Joanna Hao
2026
What Does Alignment Cost? The Structural Brittleness of Chain-of-Thought Reasoning
Joanna Hao | Shanduojiao Jiang | Sai Asish Nakka
Proceedings of the 4th Workshop on Towards Knowledgeable Foundation Models (KnowFM 2026)
Joanna Hao | Shanduojiao Jiang | Sai Asish Nakka
Proceedings of the 4th Workshop on Towards Knowledgeable Foundation Models (KnowFM 2026)
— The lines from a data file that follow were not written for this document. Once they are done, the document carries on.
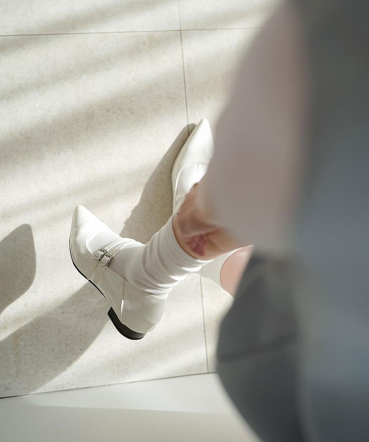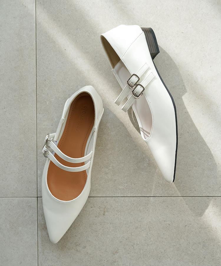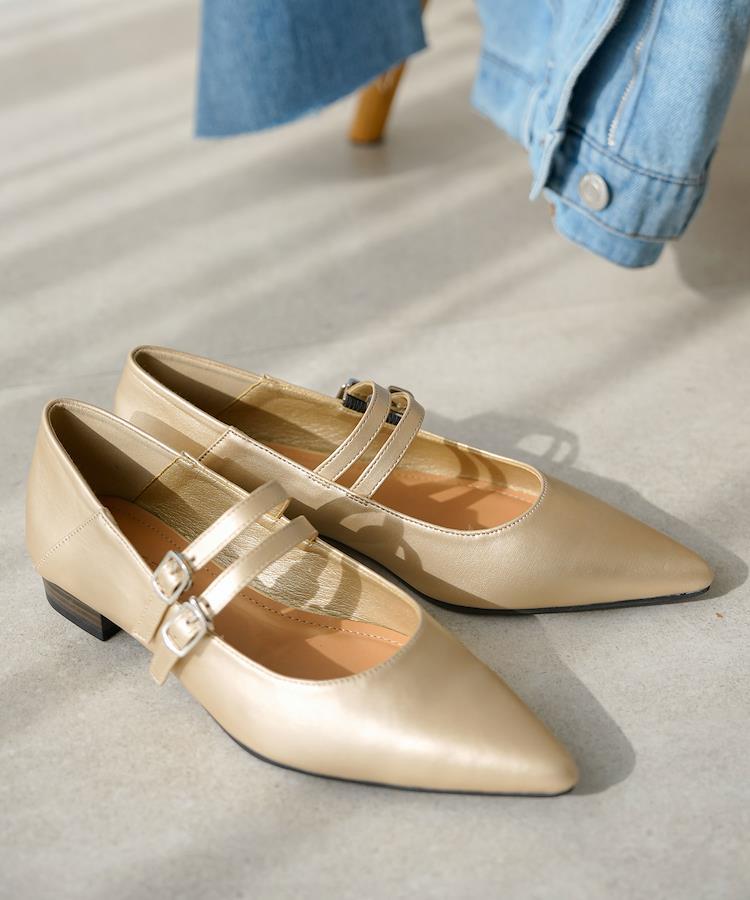 あらゆるシーンに活躍するダブルストラップパンプス1.大人の女性に向けたメリージェーンパンプスシャープなポインテッドトゥと細身のストラップの絶妙なバランスが女性らしい1足。ラウンドの深さや角度も細部までこだわり、足元が美しく見えるラインに仕上げました。2. オールシーズン活躍する艶やかなエナメル生地(ブラック・アイボリー)上品な艶が高見えし、幅広いシーンに活躍!スーツやワンピースを合わせたフォーマルシーンやオケージョンスタイルからデニムやスラックス合わせのカジュアルスタイルまで1足であらゆるシーンに対応。ゴールドは、光りすぎないマットなスムーズ生地を使用。落ち着いた色味ですが、コーデのポイントになってくれるカラーです。3.安定感のあるローヒールとバブーシュ仕様2cmのローヒール。インソールに低反発クッションを入れ、疲れにくい仕様にこだわりました。踵部分を切り替えたバブーシュ仕様になっているので、後ろを踏んでも着用可能です。4.ストラップ2本のストラップで足をしっかりと固定。引っ掛けるだけのフックタイプなので、着脱もラクチン。足幅、甲の高さに合わせてホールの段階調整が可能です。《サイズ感》普段のパンプスサイズと同じサイズ感で問題ありませんでした。厚手の靴下を着用される場合はワンサイズアップされるのがおすすめです。《生産国》中国
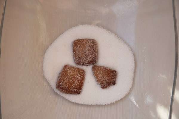 7. По достижении готовности, пока мантекадо не остыли, посыпьте их обычным сахаром и дайте пропитаться.
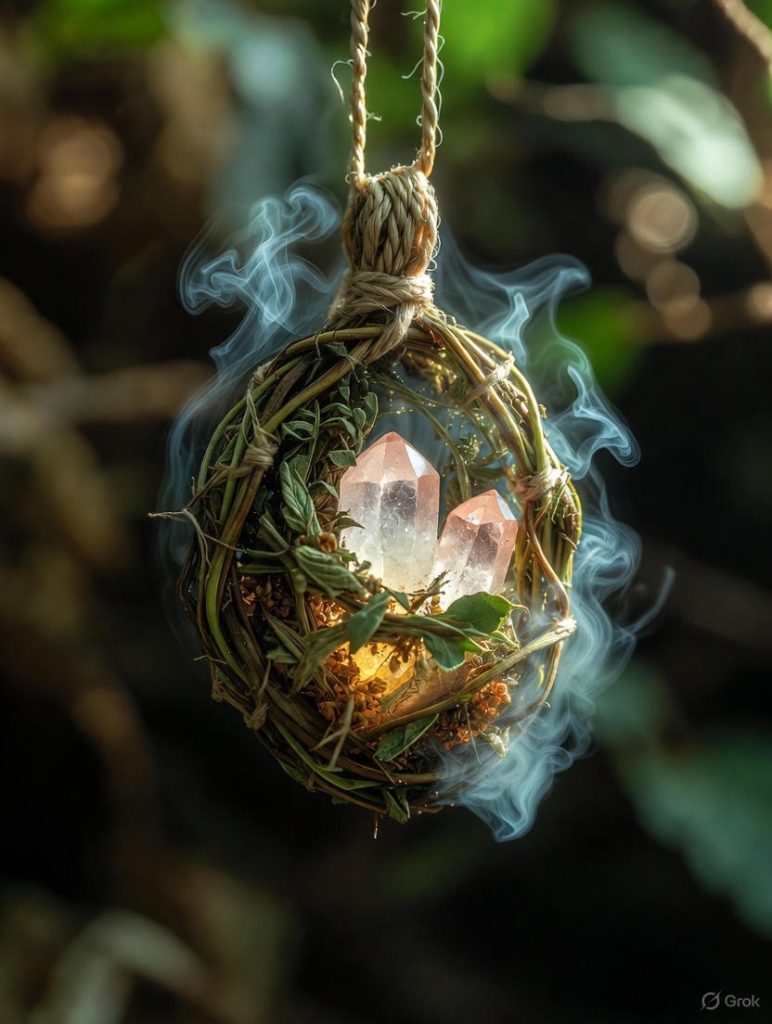 This pendant of vines, quartz crystals, and dried herbs subtly disrupts vital energies.
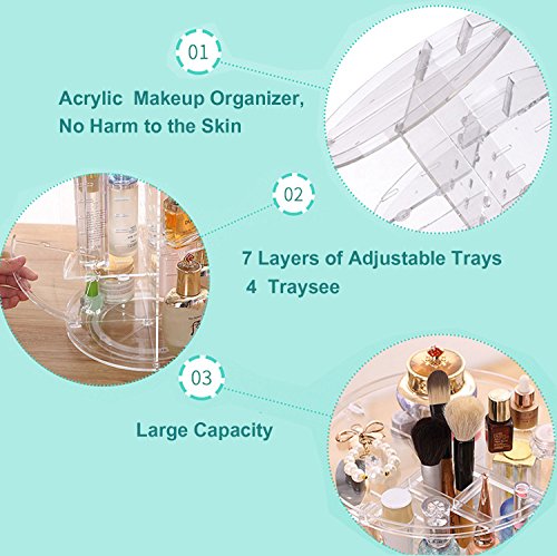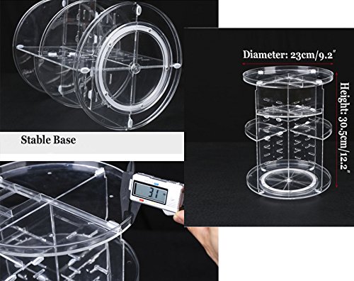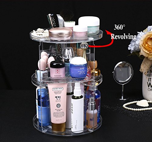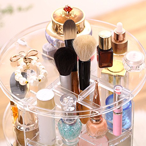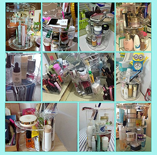 360° ROTATION ORGANIZER -- With its steady 360 degree rotating base, you can instantly access your cosmetics and get whatever you need by only rotating the organizer. Perfectly organizes and stores your cosmetics; enables easy access to all of your makeup and products.

While Chain-of-Thought (CoT) prompting enables Large Language Models to explicitly justify their predictions, the extent to which these textual rationales faithfully reflect internal computation remains unclear. We investigate the circuit-level impact of alignment by performing a strict within-family comparison of the 1B-parameter Llama 3 architecture (Base vs. Instruct). Executing dynamic circuit discovery and dual-direction resample ablation on unconstrained CoT traces across synthetic mathematical primitives and a GSM8K proxy, we find that foundation models possess highly redundant, self-repairing computational networks; completely corrupting their primary reasoning circuits yields a minimal performance drop (2.92%) due to the dynamic compensation of backup heads (the Hydra Effect). In contrast, the instruction-tuned model exhibits reduced structural redundancy, suffering more than double the degradation (6.79%) under identical perturbation. We formalize our observation as an "Alignment Tax on Redundancy": optimizing for human-preference compliance repurposes dormant backup circuits, centralizing mathematical routing and rendering the aligned model’s reasoning pathways significantly more vulnerable to internal perturbation.